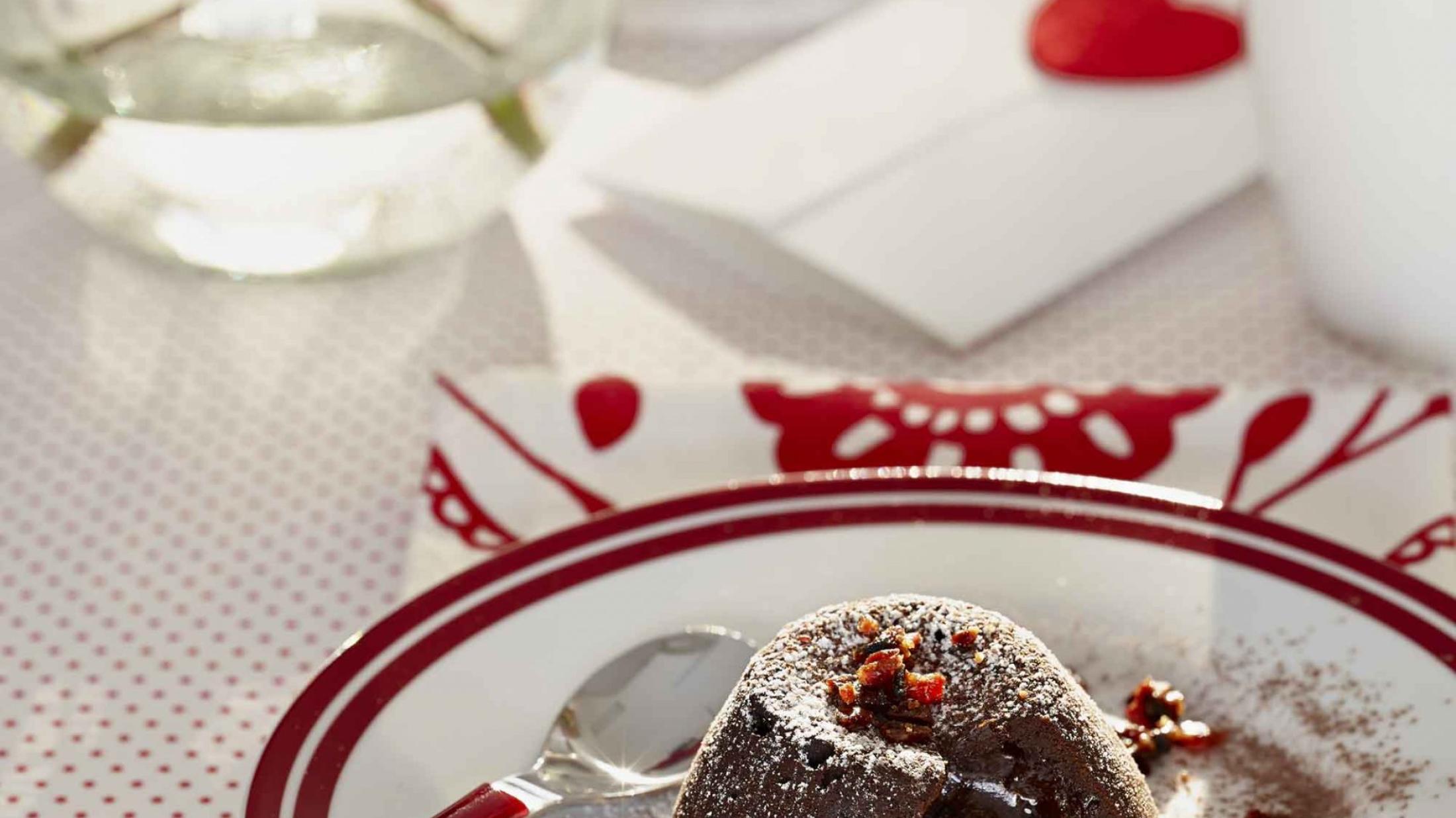 - Partager la pâte dans les ramequins et cuire au centre du four 12 à 15 minutes. Le centre doit rester fondant (mou et légèrement liquide) Renverser dans les assiettes, démouler et servir chaud garni du reste de bacon caramélisé, de cacao et de sucre à glacer.
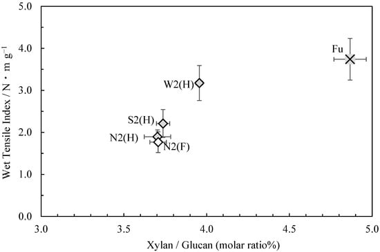 Figure 1 shows the relationship between the wet tensile index (in 44 mmol/L potassium hydroxide solution) [1] and glucuronoxylan content (the molar ratio of xylan to glucan) of the usu-mino-gami reported in the first paper. As can be seen, a higher wet tensile index correlated with a higher glucuronoxylan content. Consistent with this finding, the sample with the highest wet tensile index, Fu, also had the highest glucuronoxylan content, while the sample with the lowest wet tensile index, N2(F), had the lowest glucuronoxylan content. These results suggest that weaker cooking conditions are conducive to enhancing the wet tensile strength of usu-mino-gami and that glucuronoxylan content increases in the process.
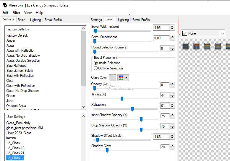 Effetti>Plugins>Alien Skin Eye Candy 5 Impact - Glass
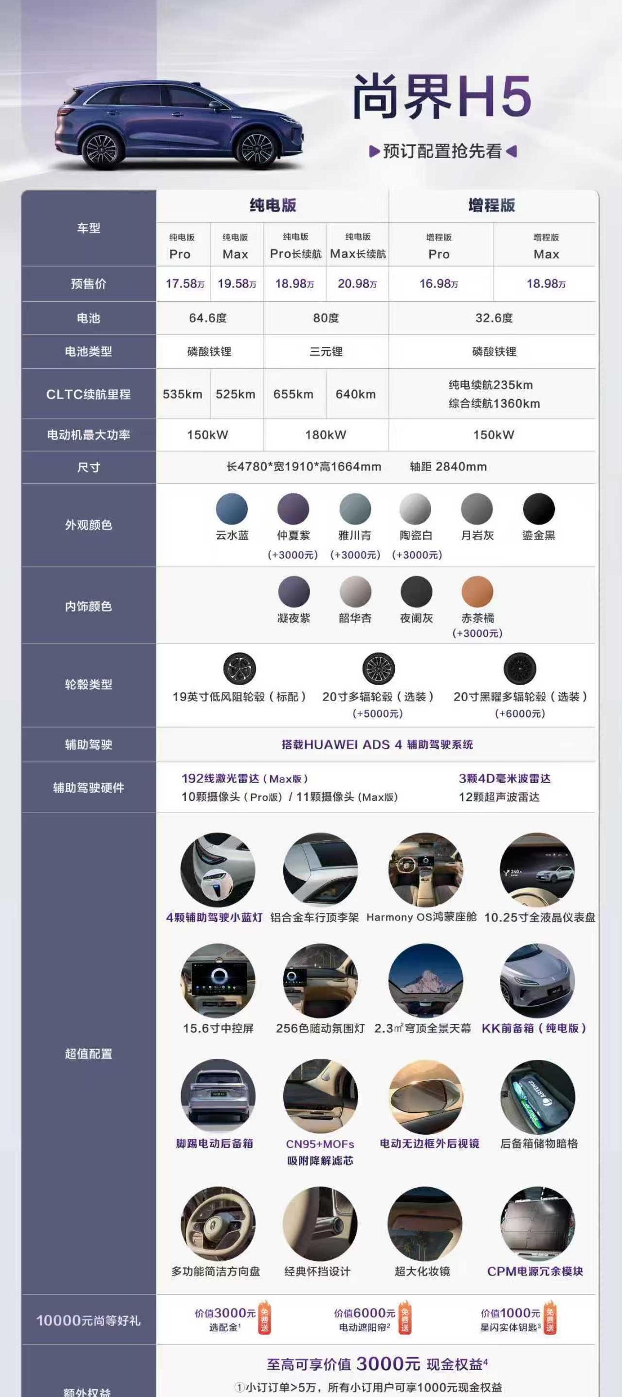 余承东已经彻底失控了!尚界H5发布会开完3天之后,我质疑过18个小时50000台的订单!也质疑过16.98万起步的价格和配置,但是当余承东在发布会上说:尚界H5搭载的这块宁德时代定制开发的长寿命三元锂电池,开8年48万公里,电池健康度仍能保证至少在80%以上 说句难听的,其实大家都是心知肚明的!本身16.98万的价格其实只是一个幌子,因为真正开售的价格肯定是会低一万,直接到15.98万基本上也是板上钉钉的事实了。但是再看配置没有缩水,这才是最让人惊讶的 主要是你看标配了ADS4.0智能驾驶辅助的功能!同时虽然说是标配16万多不便宜,但是起步就有32.6度的电池,续航235km!综合续航1360km,这个时候才是真正的王炸,因为这个价位,别说搭载华为智能驾驶,就算是有激光雷达的都屈指可数。但是尚界H5D用的则是192线华为自研的激光雷达,而且还有3颗4D毫米波雷达 怎么说呢!车子好不好其实数据是最有说服力的,18个小时50000台本质上来说已经创了问界,享界,智界等之前的记录。更何况余承东和上汽这次联合就是铁了心找不痛快的,你让友商怎么活呢!说白了现在国产新能源的价格都一个比一个价格高,但是华为反而是想到了低价策略。关键是让喜欢和认可华为智能驾驶辅助功能的伙伴有了入手的机会,同时华为的ADS4就是真正的独一份第一梯队。扪心自问说不喜欢是假的,各位怎么看

☆ ☆ ☆ ☆ ☆ ☆ ☆

- [Problem]:
None of the pictures should appear, though every line of the data above must be reproduced exactly.

- [Answer to this exercise]:
 - Partager la pâte dans les ramequins et cuire au centre du four 12 à 15 minutes. Le centre doit rester fondant (mou et légèrement liquide) Renverser dans les assiettes, démouler et servir chaud garni du reste de bacon caramélisé, de cacao et de sucre à glacer.
 Figure 1 shows the relationship between the wet tensile index (in 44 mmol/L potassium hydroxide solution) [1] and glucuronoxylan content (the molar ratio of xylan to glucan) of the usu-mino-gami reported in the first paper. As can be seen, a higher wet tensile index correlated with a higher glucuronoxylan content. Consistent with this finding, the sample with the highest wet tensile index, Fu, also had the highest glucuronoxylan content, while the sample with the lowest wet tensile index, N2(F), had the lowest glucuronoxylan content. These results suggest that weaker cooking conditions are conducive to enhancing the wet tensile strength of usu-mino-gami and that glucuronoxylan content increases in the process.
 Effetti>Plugins>Alien Skin Eye Candy 5 Impact - Glass
 余承东已经彻底失控了!尚界H5发布会开完3天之后,我质疑过18个小时50000台的订单!也质疑过16.98万起步的价格和配置,但是当余承东在发布会上说:尚界H5搭载的这块宁德时代定制开发的长寿命三元锂电池,开8年48万公里,电池健康度仍能保证至少在80%以上 说句难听的,其实大家都是心知肚明的!本身16.98万的价格其实只是一个幌子,因为真正开售的价格肯定是会低一万,直接到15.98万基本上也是板上钉钉的事实了。但是再看配置没有缩水,这才是最让人惊讶的 主要是你看标配了ADS4.0智能驾驶辅助的功能!同时虽然说是标配16万多不便宜,但是起步就有32.6度的电池,续航235km!综合续航1360km,这个时候才是真正的王炸,因为这个价位,别说搭载华为智能驾驶,就算是有激光雷达的都屈指可数。但是尚界H5D用的则是192线华为自研的激光雷达,而且还有3颗4D毫米波雷达 怎么说呢!车子好不好其实数据是最有说服力的,18个小时50000台本质上来说已经创了问界,享界,智界等之前的记录。更何况余承东和上汽这次联合就是铁了心找不痛快的,你让友商怎么活呢!说白了现在国产新能源的价格都一个比一个价格高,但是华为反而是想到了低价策略。关键是让喜欢和认可华为智能驾驶辅助功能的伙伴有了入手的机会,同时华为的ADS4就是真正的独一份第一梯队。扪心自问说不喜欢是假的,各位怎么看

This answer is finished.